*** Information given Section Begins ***
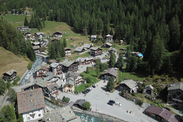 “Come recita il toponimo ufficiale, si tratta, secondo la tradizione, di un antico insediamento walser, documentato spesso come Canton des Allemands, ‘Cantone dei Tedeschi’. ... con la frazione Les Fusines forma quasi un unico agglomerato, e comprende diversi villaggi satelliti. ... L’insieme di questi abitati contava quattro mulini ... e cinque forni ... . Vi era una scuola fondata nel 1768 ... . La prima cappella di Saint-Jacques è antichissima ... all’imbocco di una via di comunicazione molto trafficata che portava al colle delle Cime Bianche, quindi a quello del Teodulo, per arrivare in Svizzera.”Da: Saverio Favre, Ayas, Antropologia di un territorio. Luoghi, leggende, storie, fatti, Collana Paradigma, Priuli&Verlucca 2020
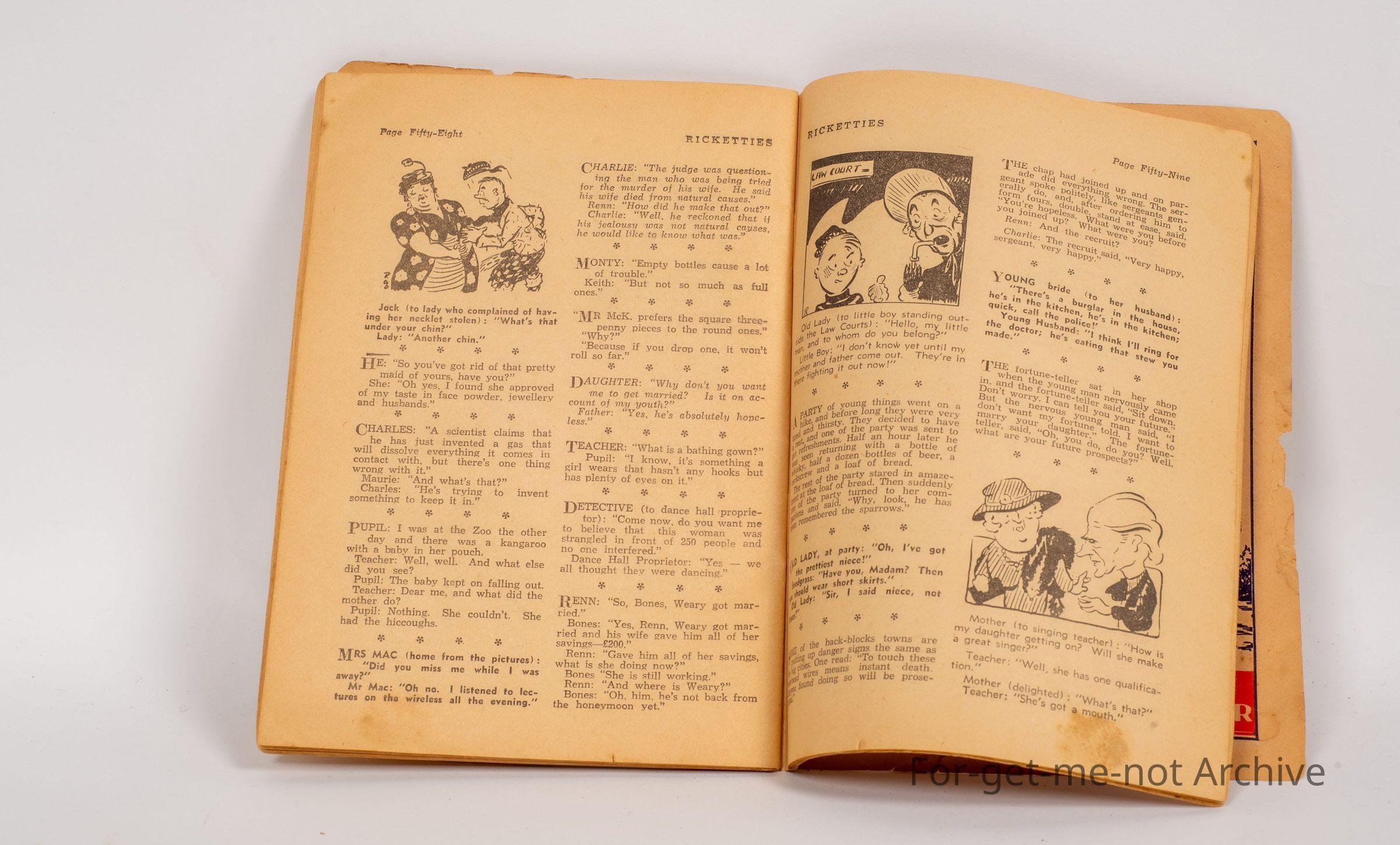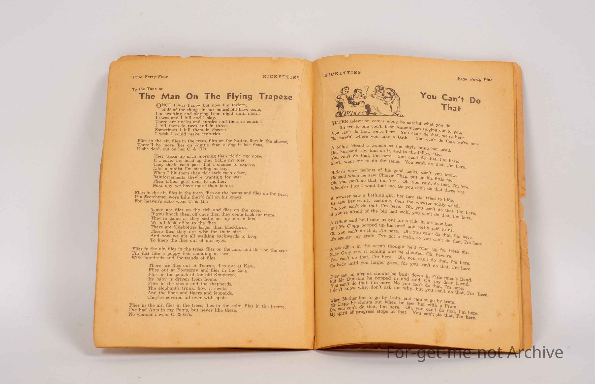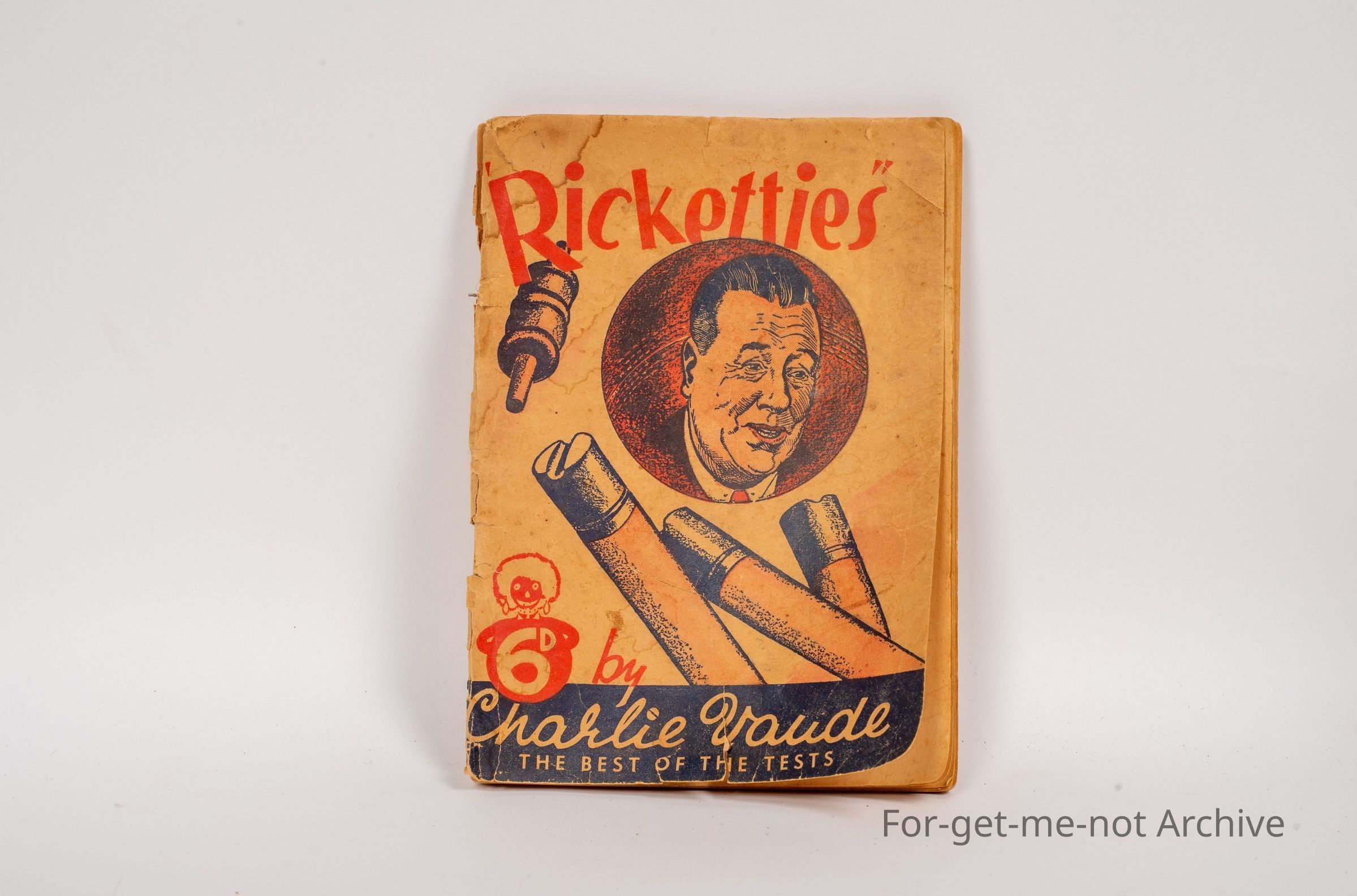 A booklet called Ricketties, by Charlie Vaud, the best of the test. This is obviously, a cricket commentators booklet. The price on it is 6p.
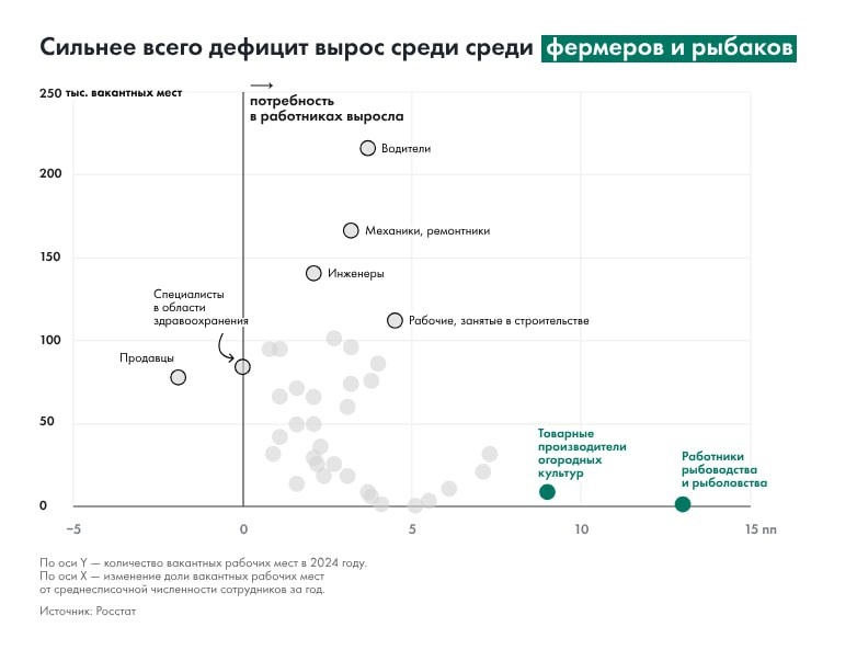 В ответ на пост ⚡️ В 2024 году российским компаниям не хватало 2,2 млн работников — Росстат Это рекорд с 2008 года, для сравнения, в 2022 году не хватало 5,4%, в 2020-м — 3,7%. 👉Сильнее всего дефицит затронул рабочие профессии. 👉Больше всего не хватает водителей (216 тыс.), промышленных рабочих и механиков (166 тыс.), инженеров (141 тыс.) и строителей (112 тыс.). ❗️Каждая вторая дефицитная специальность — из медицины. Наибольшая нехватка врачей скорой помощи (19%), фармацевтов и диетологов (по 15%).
*** Information given Section Ends ***
*** Information given Section Begins ***
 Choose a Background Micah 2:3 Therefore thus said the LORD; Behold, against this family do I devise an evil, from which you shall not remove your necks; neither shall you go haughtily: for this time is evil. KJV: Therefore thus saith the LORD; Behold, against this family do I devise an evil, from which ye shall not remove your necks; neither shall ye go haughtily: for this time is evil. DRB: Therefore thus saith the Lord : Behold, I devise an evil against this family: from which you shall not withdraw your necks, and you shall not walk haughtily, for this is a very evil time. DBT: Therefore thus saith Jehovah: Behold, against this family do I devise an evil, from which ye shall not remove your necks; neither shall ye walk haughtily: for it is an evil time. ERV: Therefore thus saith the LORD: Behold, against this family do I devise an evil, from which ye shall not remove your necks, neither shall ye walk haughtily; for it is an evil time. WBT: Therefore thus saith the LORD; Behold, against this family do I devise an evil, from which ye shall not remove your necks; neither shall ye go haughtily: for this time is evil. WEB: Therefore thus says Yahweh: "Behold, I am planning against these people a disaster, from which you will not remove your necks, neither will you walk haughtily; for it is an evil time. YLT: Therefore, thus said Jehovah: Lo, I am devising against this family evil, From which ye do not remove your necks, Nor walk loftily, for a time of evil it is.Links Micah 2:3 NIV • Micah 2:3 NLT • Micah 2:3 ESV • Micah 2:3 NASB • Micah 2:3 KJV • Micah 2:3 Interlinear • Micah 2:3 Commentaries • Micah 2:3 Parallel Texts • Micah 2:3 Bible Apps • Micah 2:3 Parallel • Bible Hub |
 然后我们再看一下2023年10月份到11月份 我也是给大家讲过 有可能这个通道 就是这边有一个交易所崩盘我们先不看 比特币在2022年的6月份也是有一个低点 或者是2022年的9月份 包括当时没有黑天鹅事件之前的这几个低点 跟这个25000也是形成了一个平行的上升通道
*** Information given Section Ends ***
*** Information given Section Begins ***
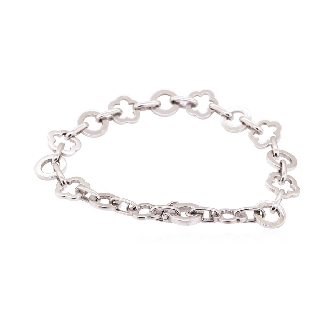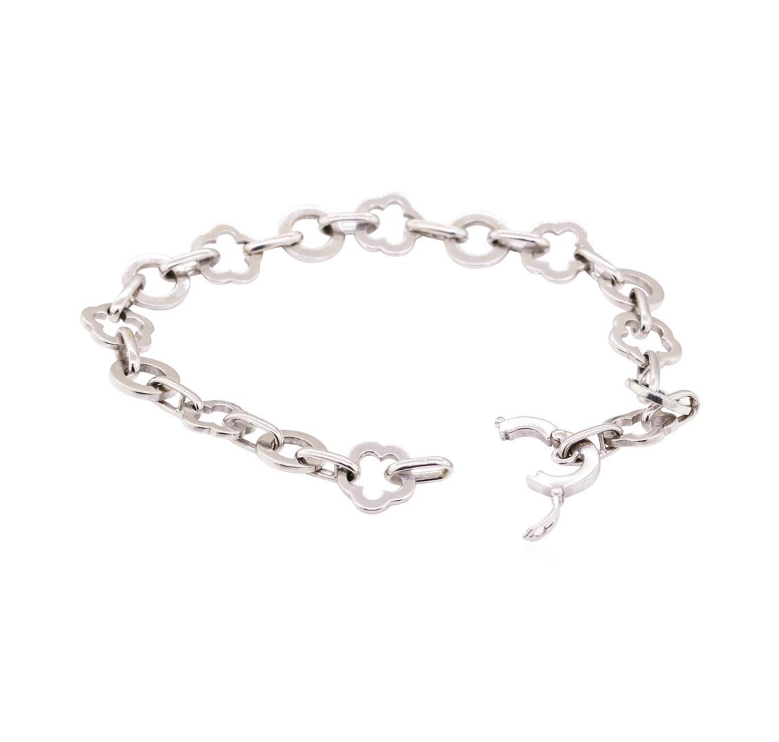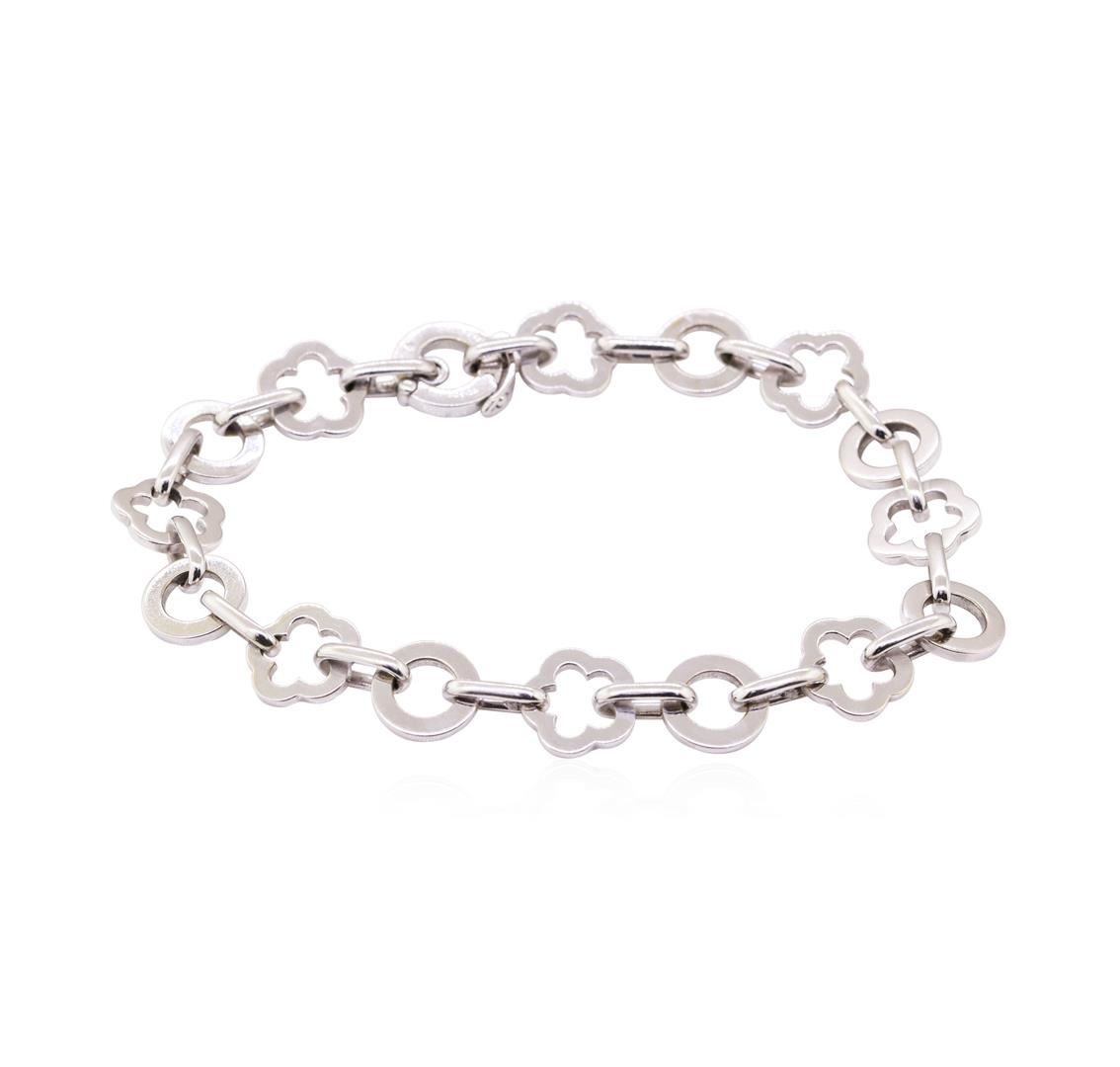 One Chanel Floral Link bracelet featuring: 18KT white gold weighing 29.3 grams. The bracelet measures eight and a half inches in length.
*** Information given Section Ends ***
Task | Every line from the one with "A booklet called" through the one with "В ответ на пост" is to be reproduced exactly as written above, and the pictures are to be dropped.

Task output |
 A booklet called Ricketties, by Charlie Vaud, the best of the test. This is obviously, a cricket commentators booklet. The price on it is 6p.
 В ответ на пост ⚡️ В 2024 году российским компаниям не хватало 2,2 млн работников — Росстат Это рекорд с 2008 года, для сравнения, в 2022 году не хватало 5,4%, в 2020-м — 3,7%. 👉Сильнее всего дефицит затронул рабочие профессии. 👉Больше всего не хватает водителей (216 тыс.), промышленных рабочих и механиков (166 тыс.), инженеров (141 тыс.) и строителей (112 тыс.). ❗️Каждая вторая дефицитная специальность — из медицины. Наибольшая нехватка врачей скорой помощи (19%), фармацевтов и диетологов (по 15%).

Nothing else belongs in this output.